Harry Partch
Harry Partch’s musical drama Delusion of the Fury premiered at the UCLA Playhouse in 1969, but despite the show’s rapturous critical reception, the California composer was disappointed. Though he had made copious notes for the work’s staging, choreography, and set design, the limited rehearsal schedule obliged Partch to concentrate exclusively on the music. Two months later, weary and having spent a great deal of his own money on the transportation and repair of his instruments, Partch vowed, “I won’t do this again.” A recent restaging of Delusion (the show’s first revival) at the Japan Society redressed that unsatisfying debut.

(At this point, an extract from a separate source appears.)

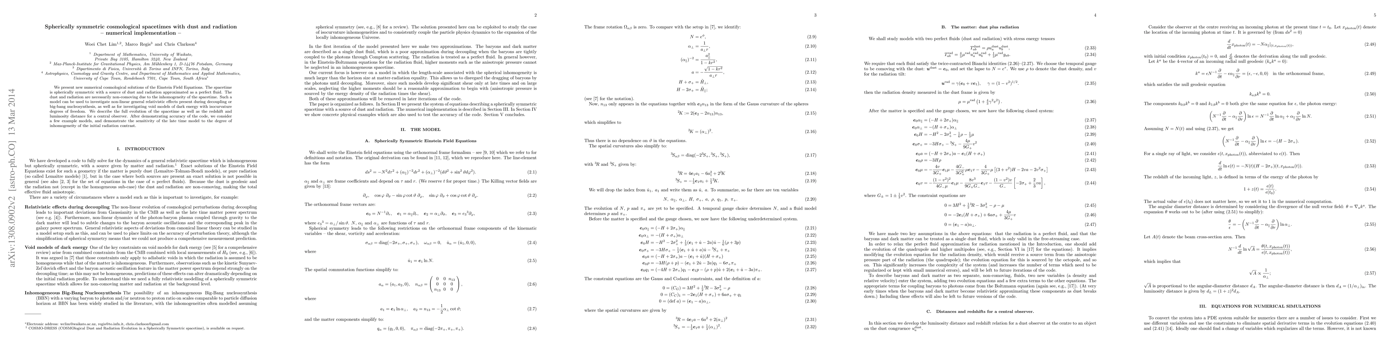 We present new numerical cosmological solutions of the Einstein Field Equations. The spacetime is spherically symmetric with a source of dust and radiation approximated as a perfect fluid. The dust and radiation are necessarily non-comoving due to the inhomogeneity of the spacetime. Such a model can be used to investigate non-linear general relativistic effects present during decoupling or big-bang nucleosynthesis, as well as for investigating void models of dark energy with isocurvature degrees of freedom. We describe the full evolution of the spacetime as well as the redshift and luminosity distance for a central observer. After demonstrating accuracy of the code, we consider a few example models, and demonstrate the sensitivity of the late time model to the degree of inhomogeneity of the initial radiation contrast.

An influential avant-garde composer, Partch (1901–1974) is prob- ably best known for the scale he developed using “pure” or “just” intonation. Partch deemed this the most “natural” tuning system because it allowed for musical styles typically excluded from the classic twelve-tone tuning of Western music. He felt that just intonation’s microtones—the pitches lying between those of an eight-note octave—were closest to the musicality of speech, which enhanced his “corporeal” (and academic-averse) approach to music.
The new Delusion’s set was minimal, with only two key elements. Director and designer John Jesurun incorporated videos of abstract patterns, swaying trees, and wafting smoke (images indicated in Partch’s notes), projecting them onto the ceiling to suffuse the audience with a moody glow. The primary ornamentation, however, was Partch’s stunning handmade instruments. Experimental group Newband performed on twenty-four of these, from early adapted guitars to later, more percussion-oriented assemblages such as the Quadrangularis Reversum, a set of inverted marimbas. Among the most striking was Partch’s 1964 Gourd Tree, a eucalyptus bough of Chinese bells attached to gourd resonators with two aluminum cones made from old gas tanks, along with the sonorous Cloud Chamber Bowls.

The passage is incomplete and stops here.